A NOUN models a person, place or thing, or so we learn in school. For modeling, we need to get more detailed and precise, so effectively, this tree splits the world of NOUNS into four new parts of speech, each of which requires a unique set of additional features (TBDL) to properly describe each contained sense.
Other parts of speech may be subclassified here too, by using special-case rules. For a VERB, one first finds its gerund sense, then classifies that. The result will always be some kind of Situation, depending on whether or not the verb was copulative, continuing, recurring, etc. For a PREPOSITION, one should first mentally translate it to an equivalent VERB sense, then reuse the rules above on the result.
Modifiers fall into a separate division all their own - the Aspect - under more complex rules that will apply to any NOUN sense whose meaning is a part or attribute of another type of thing - its domain. We categorize these sub-types based on what domain they modify or partition. Modifiers and parts clearly differ, but both get used similarly in language because they have a domain. Most other types do not need one. (The collective is a special-case exception.)

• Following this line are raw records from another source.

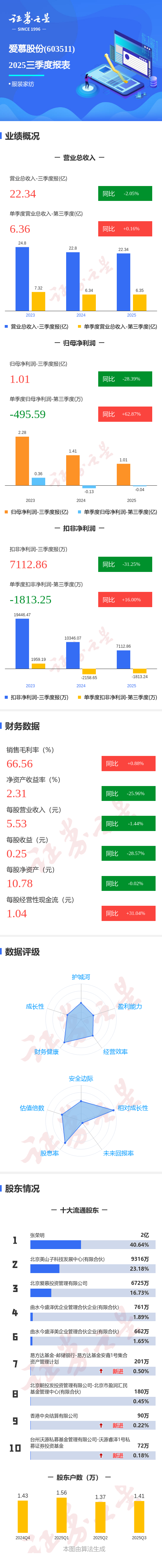 证券之星消息,爱慕股份2025年三季报显示,前三季度公司主营收入22.34亿元,同比下降2.06%;归母净利润1.01亿元,同比下降28.4%;扣非净利润7112.86万元,同比下降31.25%;其中2025年第三季度,公司单季度主营收入6.36亿元,同比上升0.16%;单季度归母净利润-495.59万元,同比上升62.87%;单季度扣非净利润-1813.25万元,同比上升16.0%;负债率14.33%,投资收益2675.45万元,财务费用1131.55万元,毛利率66.56%。
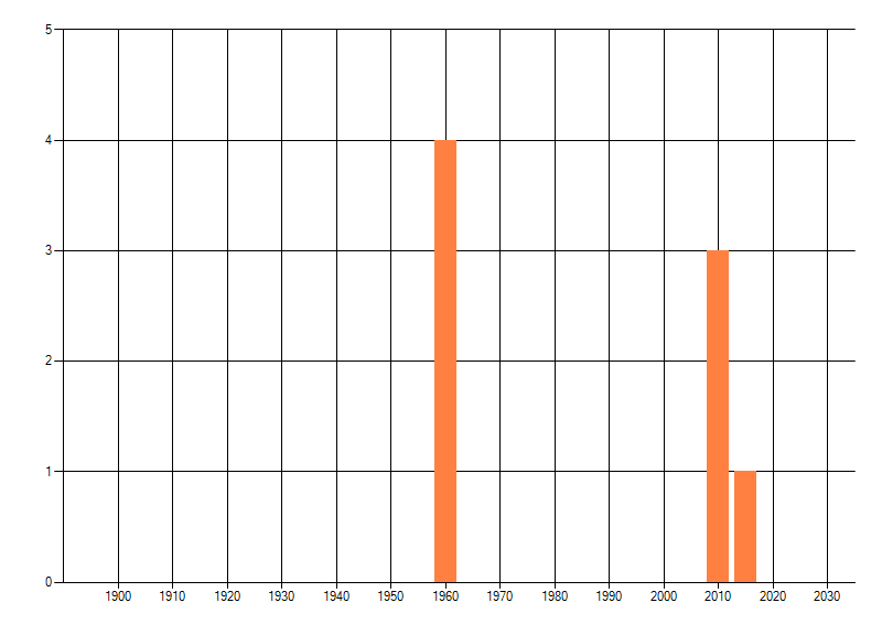 Het aantal atlasblokken (5x5 km) waarin de soort is gemeld binnen een periode van vijf jaar (vanaf 1980) of twintig jaar. Niet gecorrigeerd voor waarnemersinspanning en het aantal doorgegeven waarnemingen kan sterk variëren per periode, dus een trend in verspreiding kan hier niet direct uit worden afgelezen. Het opgegeven jaartal is het eerste jaar van de periode. Bron: gevalideerde waarnemingen uit de NDFF.
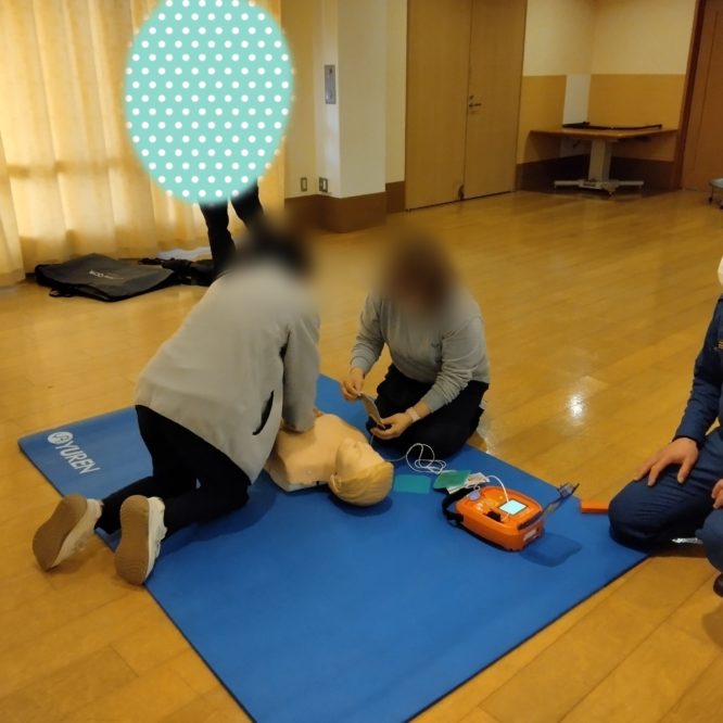 今日は加古川市消防署の方を講師に招き、職員向けAED講習会が行われました。

The Aspect category of highest interest involves parts of a Situation. They appear naturally as roles in XTM-style associations, and also in case frames. In English, they (or synonymes) often have regular spellings built as a root VERB inflected by -er or -ed. Their roleplayer topics are also explicitly marked in every English sentence by special positions or PARTICLE/PREPOSITION spellings, which makes parsing them relatively easy if the case frame for the specific Aspect at issue is known. (Unfortunately, these rules are not regular, so they can only be defined sense-by-sense, as a data base covering all the verbs in English.)